9.96Avg. Dale-Chall ScoreCollege reading level (9.0+)

What is captured?

✓Keystroke-level writing behavior in a browser-based editor
✓Full ChatGPT conversation histories (queries & responses)
✓All text copied from ChatGPT responses into the essay editor
✓Copy and paste events with precise timestamps
✓Post-study surveys: Self-Efficacy, TAM, Perceived Ownership, CSI
✓Participant demographics: age, gender, race

Quantitative Analysis

Key Findings

Spearman rank correlations reveal significant associations between ChatGPT query frequency and writing process outcomes. No significant correlations were found between query count and post-task survey measures (Perceived Ownership or CSI).

ρ = 0.485

p < 0.001

Query Count ↔ Word Count

Students who asked more questions produced longer essays, suggesting ChatGPT may function as a generative scaffold.

ρ = 0.493

p < 0.001

Query Count ↔ Time Spent

Higher query frequency was associated with longer sessions — contrary to the expectation that AI use would expedite writing.

ρ = 0.380

p < 0.001

Query Count ↔ Dale-Chall Score

More queries correlated with higher readability difficulty scores, consistent with the lexical complexity of LLM-generated text.

Novel Metrics

HCR & HER

To characterize the degree of human involvement in AI-assisted writing, we introduce two complementary metrics derived from editor-tracked event counts.

Human Contribution Ratio

HCR

HCR = (HA − HD) / [(HA − HD) + (GP − GD)]

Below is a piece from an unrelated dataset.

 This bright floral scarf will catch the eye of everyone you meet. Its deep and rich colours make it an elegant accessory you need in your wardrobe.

Measures the proportion of user-written words in the final essay. A value of 1 means every word was written by the participant; 0 means the essay consists entirely of pasted ChatGPT text.

Limitation: HCR does not capture cases where a participant wrote an entire draft and then replaced it with a ChatGPT revision — the score would be 0 even though the ideas originated with the student.

Human Edit Ratio

HER

HER = (HA + HD + GD) / (HA + HD + GP + GD)

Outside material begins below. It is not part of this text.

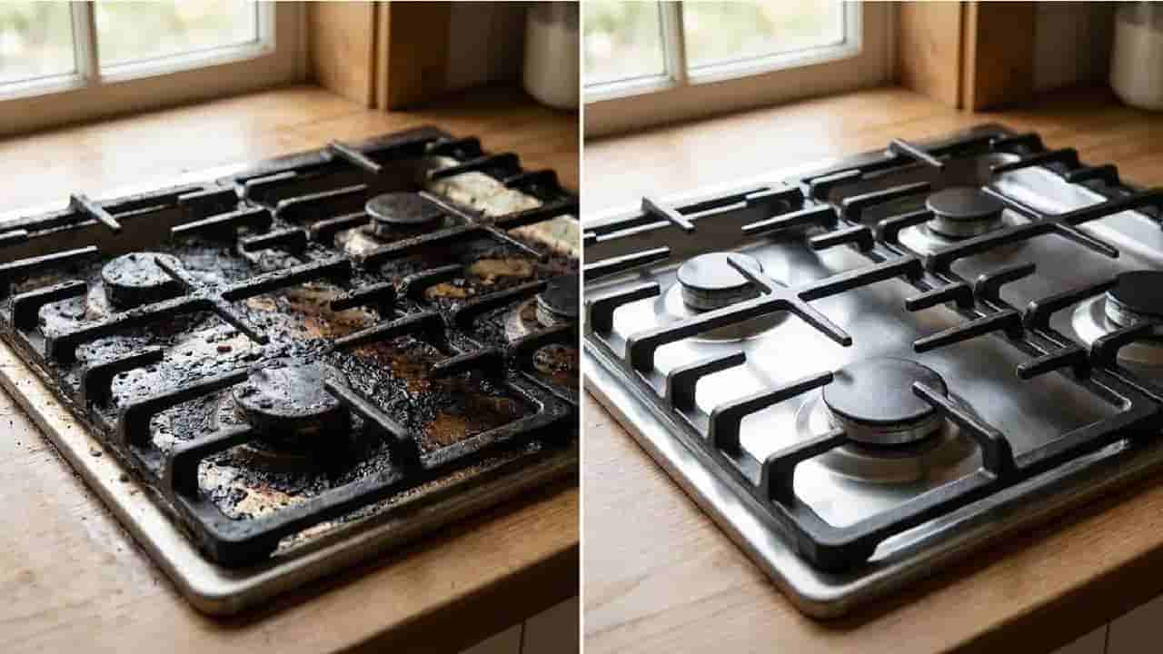 ವಿನೆಗರ್ ಮತ್ತು ಬೇಕಿಂಗ್ ಸೋಡಾ : ಈ ಪರಿಹಾರವು ಭಾರೀ ಕೊಳೆ ಮತ್ತು ಮಸಿ ಕಲೆಗಳನ್ನು ಹೋಗಲಾಡಿಸಲು ಉತ್ತಮವಾಗಿದೆ. ಇದಕ್ಕಾಗಿ ಒಂದು ಪಾತ್ರೆಗೆ ಸಮಾನ ಪ್ರಮಾಣದಲ್ಲಿ ನೀರು ಮತ್ತು ವಿನೆಗರ್ ಸೇರಿಸಿ. ಅದರಲ್ಲಿ ಬರ್ನರ್ ಹಾಕಿ ರಾತ್ರಿಯಿಡೀ ಅಥವಾ ಕನಿಷ್ಠ 2-3 ಗಂಟೆಗಳ ಕಾಲ ನೆನೆಸಿಡಿ. ಬಳಿಕ ಅದರ ಮೇಲೆ ಸ್ವಲ್ಪ ಅಡಿಗೆ ಸೋಡಾ ಸಿಂಪಡಿಸಿ ಮತ್ತು ಹಳೆಯ ಟೂತ್ ಬ್ರಷ್ನಿಂದ ಸ್ಕ್ರಬ್ ಮಾಡಿ. ಇದು ಈಸಿಯಾಗಿ ಕಲೆಗಳನ್ನು ನಿವಾರಿಸುತ್ತವೆ.

Measures the proportion of all additions and deletions attributable to the participant. Deleting AI-generated content counts as human contribution, since it reflects deliberate curation. A value of 1 means no AI text was ever pasted.

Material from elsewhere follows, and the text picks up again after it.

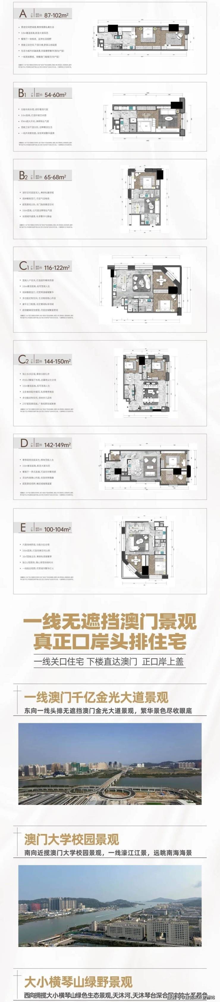 【项目卖点】1.横琴一线关口之上住宅,下楼即是澳门。2.横琴唯一在售一手小面积住宅。3.首付48万起买横琴口岸住宅 看山看海看澳门,年租金50000+。4.稀缺小面积住宅金融属性多样化,变现快,流动性强。。5.千亿国企大品牌买的放心住的安心。6.横琴交通枢纽核心地段
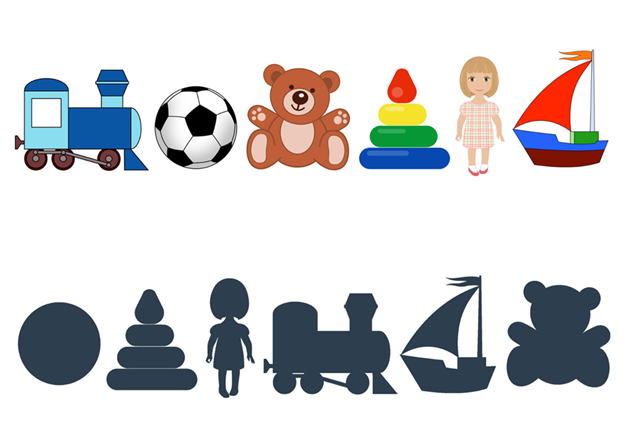 Разрезные картинки "Игрушки" . 8 . Материалы для занятий с ребенком . А вот старшие дошкольники должны уметь собрать картинки из "перепутанных" между собой . Причем сделать это должны без помощи взрослого .

Limitation: HER does not capture cognitive effort involved in planning, ideation, or deciding whether to incorporate AI output — it reflects observable editing effort, not cognitive contribution.

HA — Words added by the human

HD — Human words deleted

GP — Words pasted from ChatGPT

GD — ChatGPT words deleted by human

Cluster Analysis

Four Writer Profiles

K-means clustering (K=4, selected via silhouette analysis and the elbow method) on HCR and HER scores identified four distinct patterns of ChatGPT integration. Groups differed significantly in query count, time spent, essay readability, and perceived ownership.

Lead Authors

n = 37

Wrote essays primarily independently. ChatGPT was used for idea generation or information search, with little to no AI-generated text retained in the final essay.

HCR0.98

HER0.95

Collaborators

n = 15

Worked alongside ChatGPT in a balanced manner. Final essays contained a roughly even mixture of AI-generated and user-written text, with direct revision of pasted content.

HCR0.53

HER0.62

Drafters

n = 11

Wrote independent drafts first, then asked ChatGPT to rewrite them. Despite high editing effort, final essays were primarily composed of AI-generated content.

HCR0.09

HER0.64

Vibe Writers

n = 14

Delegated the writing entirely to ChatGPT. Analogous to 'Vibe Coding', these participants generated a full essay via prompts and pasted it with minimal or no personal edits.

HCR0.01

HER0.06

The Tool

NIRVANA Replay System

Quantitative metrics alone cannot capture all forms of human–AI interaction. To support deeper qualitative analysis, we developed a web-based replay interface that reconstructs the essay composition process event-by-event.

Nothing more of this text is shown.